2. Band looks like it was printed on a standard office color printer with no embossing.
3. Single cap that looks like a 5 yr old cut it out with those rounded tip scissors we had in kindergarten and glued it on. (Heavily glued on)
4. Once it was cut open it stunk like molded cardboard. (It was horrible!)
5.The pic with the red circle is a bug that came out when I cut into it (Killed it). Dust and pieces everywhere! 
6. Huge hole in every filler leaf (poor quality materials) 
7. All leaves were the same, no variation in priming. 
8. MIXED FILLER! MIXED FILLER! MIXED FILLER!:vs_whistle:

Make sure you know for sure what you're buying/smoking! I couldn't imagine smoking this POS.


----------



## ForceofWill (Sep 6, 2008)

ROFL, that band tho.


----------



## SoCal Gunner (Apr 7, 2016)

ForceofWill said:


> ROFL, that band tho.


Exactly - I may have bought 1 just for the band - lol. Make that 2 - the second one for the sales guy/gal to smoke on the spot!


----------



## WABOOM (Oct 15, 2015)

Omg !


----------



## Cigary (Oct 19, 2007)

What really pisses off the Good Humor man is when I see trash like this that they sell in the Caribbean and places that you know are fakes... and the sad thing is when friends know that you love cigars and they really think they are coming back with a heck of a deal on a real Cuban cigar... the scary thing is is the scumbags in the islands will put nearly next to anything whether it be rat turds or even worse because they don't care and if they make $2 on the cigar they're happy with that. My advice is never... Ever... smoke anything that somebody brings back that can't be validated.

I've been to the islands in the Caribbean and Gulf of Mexico too many times and when I see these jagoffs trying to sell fake Cuban cigars... That's when I really love to F with them.


----------



## TonyBrooklyn (Jan 28, 2010)

Sorry your friend got duped Tijuana Mexico is the best walk down Revolution Avenue. Store after store filled with fakes.:vs_mad: The sad part if you go just a couple of more blocks. There is a LCDH.


----------



## LeatherNeck (Feb 8, 2017)

TonyBrooklyn said:


> Sorry your friend got duped Tijuana Mexico is the best walk down Revolution Avenue. Store after store filled with fakes.:vs_mad: The sad part if you go just a couple of more blocks. There is a LCDH.

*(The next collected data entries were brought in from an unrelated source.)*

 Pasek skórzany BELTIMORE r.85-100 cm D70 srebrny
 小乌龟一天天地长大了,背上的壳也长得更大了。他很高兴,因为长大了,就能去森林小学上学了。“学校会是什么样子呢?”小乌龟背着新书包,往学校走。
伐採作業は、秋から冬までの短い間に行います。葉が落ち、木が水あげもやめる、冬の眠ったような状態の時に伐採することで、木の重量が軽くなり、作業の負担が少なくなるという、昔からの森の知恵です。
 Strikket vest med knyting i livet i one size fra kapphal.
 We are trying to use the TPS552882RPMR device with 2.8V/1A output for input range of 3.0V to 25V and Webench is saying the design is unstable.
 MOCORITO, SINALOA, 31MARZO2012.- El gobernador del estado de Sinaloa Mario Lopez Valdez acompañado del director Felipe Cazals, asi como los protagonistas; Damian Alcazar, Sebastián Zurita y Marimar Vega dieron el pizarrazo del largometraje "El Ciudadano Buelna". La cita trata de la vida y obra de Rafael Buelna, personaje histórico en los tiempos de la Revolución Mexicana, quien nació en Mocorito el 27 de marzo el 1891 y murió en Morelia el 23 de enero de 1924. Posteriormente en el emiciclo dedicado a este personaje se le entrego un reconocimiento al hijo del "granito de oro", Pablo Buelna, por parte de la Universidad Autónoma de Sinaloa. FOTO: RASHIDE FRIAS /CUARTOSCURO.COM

Even sadder still is the fact that non-cigar smokers don't know the difference. When I was in Cozumel a few years ago, I dipped into a cigar shop to take a look around. The first words out of the lady's mouth were, "You looking Cuban?". So I said sure. Every one that she pulled off the shelves was either NC or a fake. As I played the "stupid tourist", she was even trying to sell the NC's as Cuban. Everywhere I went, she was 2 inches away. If I touched something, "You like? I make good deal for you." They won't take "NO" for an answer either.


----------



## bpegler (Mar 30, 2006)

LeatherNeck said:


> Even sadder still is the fact that non-cigar smokers don't know the difference. When I was in Cozumel a few years ago, I dipped into a cigar shop to take a look around. The first words out of the lady's mouth were, "You looking Cuban?". So I said sure. Every one that she pulled off the shelves was either NC or a fake. As I played the "stupid tourist", she was even trying to sell the NC's as Cuban. Everywhere I went, she was 2 inches away. If I touched something, "You like? I make good deal for you." They won't take "NO" for an answer either.

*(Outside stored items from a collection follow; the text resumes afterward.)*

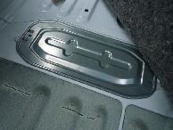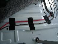 配線をバッテリー設置位置まで引き回します。配線に余裕を持たせればフロアにある突起をかわしてくぼみ部分だけでサイドまで配線をはわせることが出来ます。フロアマットの下になるので日頃目に付かない場所に配線をはわせるわけですので、熱などで配線の破損も考慮し可能ならばプラス&マイナスの配線は離して固定します。 |
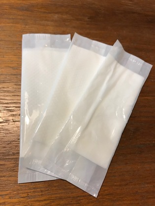 ただし、この紙おしぼり、早めに使用しないと袋の中で乾燥してしまうので注意しましょう!
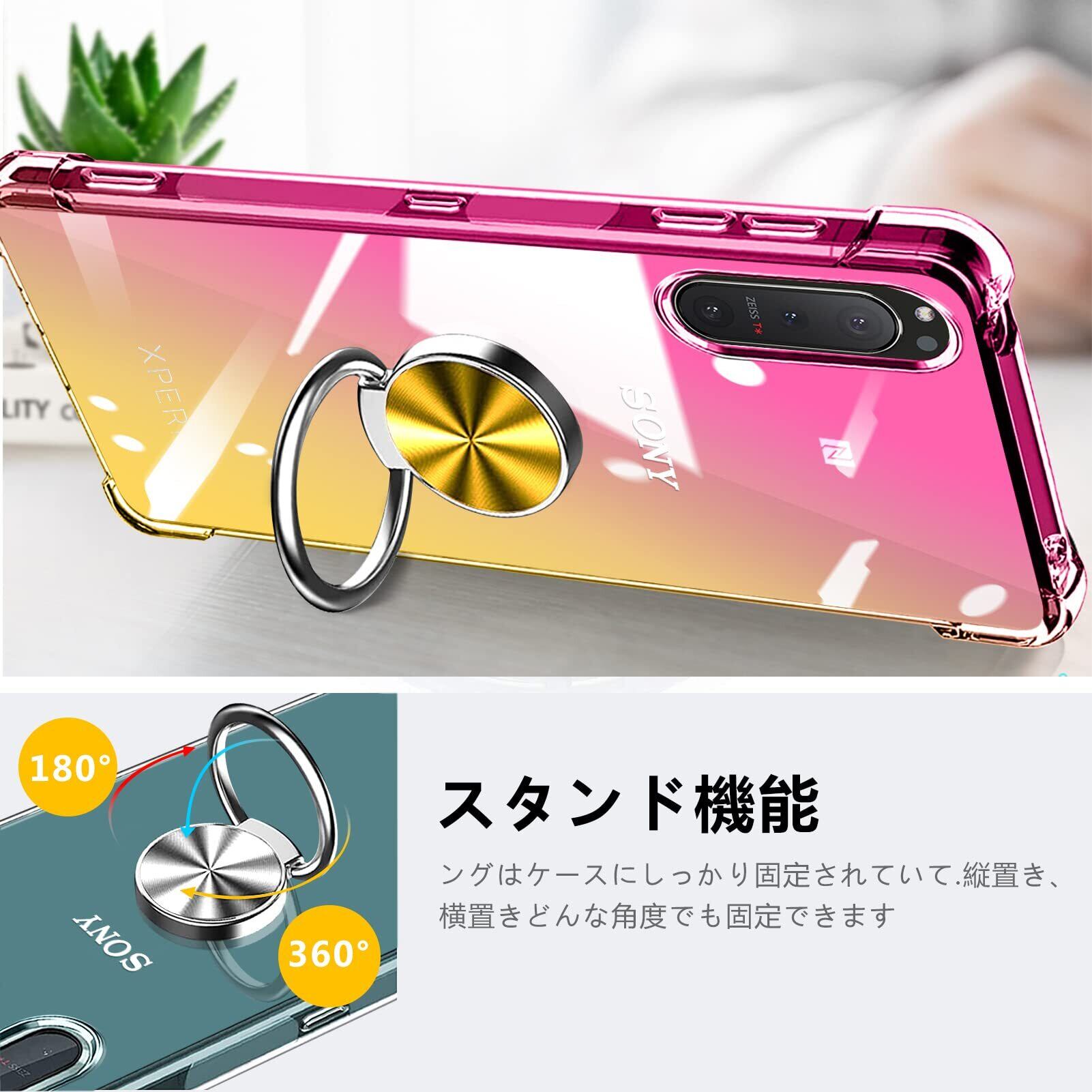 【リングの機能&スタンド機能】:360°回転可能リングホルダーです。片手で携帯を操作でき、滑り止め、強奪、落下などのことを防げます。リング.ホルダーの機能は携帯を横に放置できて、いつでもどこでも音楽、facetime、映画などの娯楽番組を思い切り楽しめます。【車載スタンド対応】マグネット対応金属板採用し、車載ホルダーに強く吸着することもできます。

Cozumel also has a very nice LCdH. Jimmy Sotolongo is the house roller there, and rolls some nice customs, and they have a good selection of always genuine Havanas. Everything is pricey, of course. Mexican taxes are brutal. But hell, you're on vacation!

The LCdH has a nice bar and restaurant as well. You can have a great meal, and then enjoy a cigar and a drink at your table after dinner. And absolutely no one will complain about your smoke, unless (shudder) you smoke some cheap ass NC.

It's not a La Casa del Cheapo Non-Cuban, now is it? Nope. It's Habanos, baby!

Hell, if you want to smoke during dinner, the staff will simply smile and offer you a light.

There's a nice view of the water, and everything is air conditioned. I personally recommend the lobster, followed by one of Jimmy's customs. My wife swears by the mojitos.


----------



## poppajon75 (Apr 10, 2016)

Taking advantage of people that don't know better just strikes a nerve in me. It's theft, plain and simple. 
Nice breakdown of that cigar. 

Sent from my know it all smart phone using Tapatalk


----------



## Rondo (Sep 9, 2015)

Nobody should smoke those. 
Please tell your friend.


----------



## TonyBrooklyn (Jan 28, 2010)

LeatherNeck said:


> Even sadder still is the fact that non-cigar smokers don't know the difference. When I was in Cozumel a few years ago, I dipped into a cigar shop to take a look around. The first words out of the lady's mouth were, "You looking Cuban?". So I said sure. Every one that she pulled off the shelves was either NC or a fake. As I played the "stupid tourist", she was even trying to sell the NC's as Cuban. Everywhere I went, she was 2 inches away. If I touched something, "You like? I make good deal for you." They won't take "NO" for an answer either.


Sadder yet are those that got taken but refuse to admit it. There used to be a member on another board. I will never forget his words.
"Never underestimate the power of denial":vs_cool:


----------



## Jade Falcon (Jul 16, 2015)

So am I to understand that celo is not placed on Cubans?


----------



## bpegler (Mar 30, 2006)

Jade Falcon said:


> So am I to understand that celo is not placed on Cubans?


Some small short filler cigars like the Partagas Chicos still have cellophane.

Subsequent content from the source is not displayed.